Au Caire, Françoise Chassagnard, 51 ans, n’est pas encore décidée. « Si je trouve un candidat proche de l’Égypte, qui connaît bien les enjeux de ce pays, je voterai pour lui. Sinon je donnerai ma voix à un parti ».

« Personne ne peut dire aujourd’hui si la proximité d’un candidat peut inverser le rapport de force », explique Frédéric Dabi. Si l’on peut s’attendre à voir de fortes disparités au sein des circonscriptions, je n’imagine pas vraiment que l’équilibre de la présidentielle puisse être modifié ».

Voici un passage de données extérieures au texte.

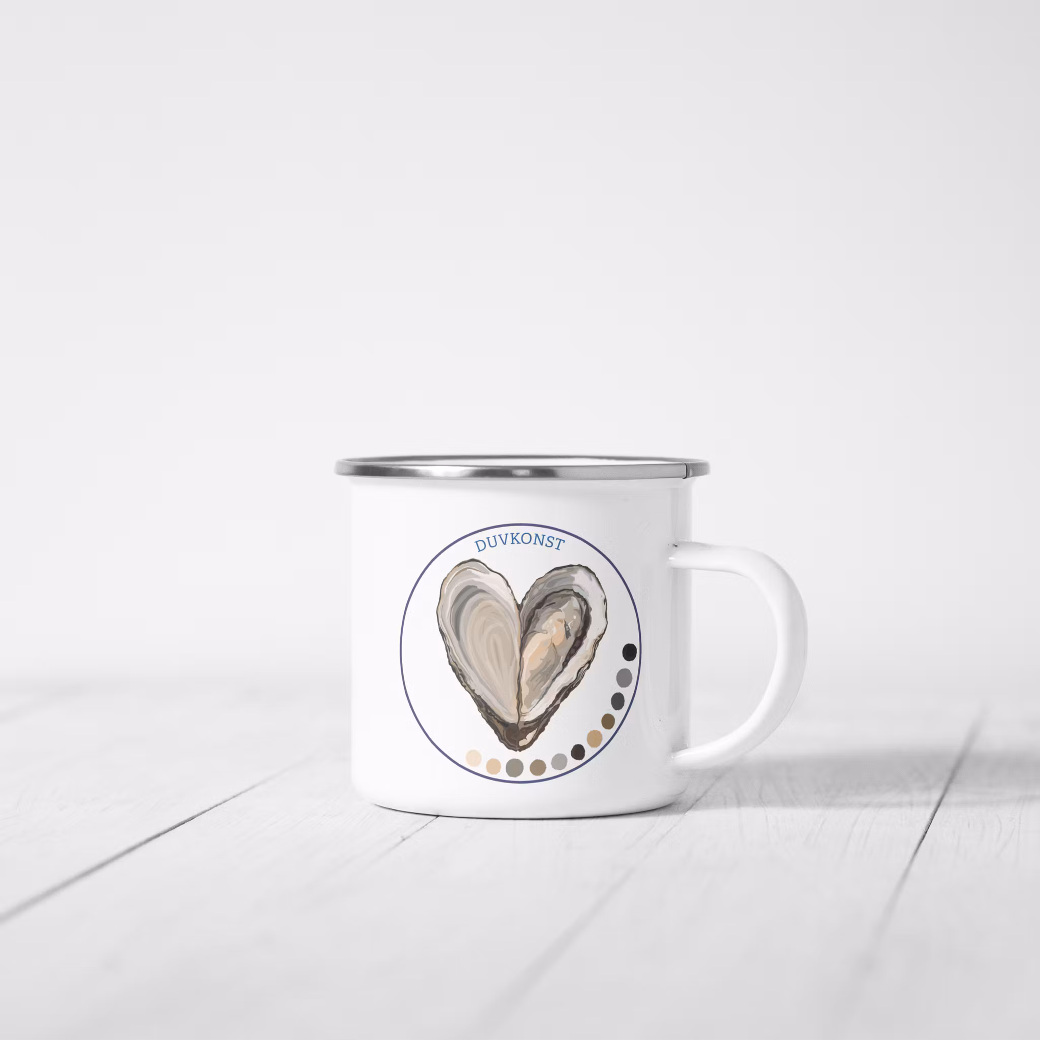 Tillverkad i metall med slitstark emaljbeläggning och förstärkt kant i rostfritt stål för ökad hållbarhet. Varje mugg trycks individuellt och levereras styckvis förpackad.

Autre inconnu de ce scrutin, la place qu’auront les 11 députés – qui représenteront le million de Français inscrits sur les listes consulaires (2,5% des électeurs) – au sein de l’Assemblée nationale. Certains entendent faire bloc, pour défendre les expatriés, autour d’un « discours commun », transcendant les frontières politiques, selon les mots d’Alain Marsaud. Même si d’autres n’envisagent pas les choses ainsi. « Voter UMP ou PS, ce n’est pas la même chose. On est à l’Assemblée pour faire la loi de tous les Français. Et ceux de l’étranger vont enfin trouver leur place dans le projet commun », tranche Pouria Amirshahi.